The headline finding is the one most runners will miss: your app tells you fast running is "less load." Technically true. But tissue doesn't care about load. It cares about damage. And damage follows a power law, not a straight line.

Cadence is the practical win here. It's the only variable that reduced damage at the knee, shin, and Achilles at the same time. Not speed management. Not hill selection. Those just move the problem from one tissue to another. If you're coming back from any lower-leg issue and looking for a single dial to turn, cadence is where the research points. Ten extra steps per minute. That's the whole intervention.

Source: Van Hooren, B., van Rengs, L., & Meijer, K. (2024). Scandinavian Journal of Medicine & Science in Sports. Read the full paper
3 of 4

Does Sodium Bicarbonate Actually Help Runners?

What a meta-analysis of 11 trials reveals when you adjust for the numbers nobody talks about

Evidence: Moderate (Meta-analysis, 11 RCTs, N=126, crossover designs, publication bias confirmed) Action: Worth testing 6 min read

After adjusting for GI dropouts and publication bias, the performance benefit shrank to almost nothing. But 29.5% of participants got GI symptoms.

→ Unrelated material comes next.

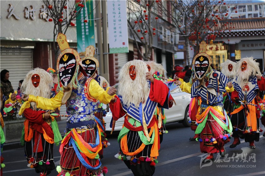 春節(jié)期間康定街頭巡游的藏戲演出隊。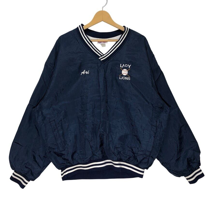 HARTWELL SPORTS ナイロンプルオーバーシャツ ジャケット Vネック ライトアウター バック刺繍 ワンポイント刺繡 ネイビー

For most runners, **the benefit evaporates once you account for the people who couldn't finish the study.**

Sodium Bicarbonate Effect on Running: The Three-Step Erosion
As reported
0.32
GI-adjusted
0.29
Bias-adjusted
0.18

Standardized Mean Difference (SMD)

Each adjustment shrinks the benefit. The dashed line at 0.19 marks the authors' own threshold for "negligible." Miller et al. (2025), JISSN.

What They Studied

The science behind sodium bicarbonate is straightforward: it buffers acid in your blood, letting your muscles work harder before hydrogen ions shut them down. Prof. Lewis Gough calls the mechanism "about as clean as it gets in sports nutrition."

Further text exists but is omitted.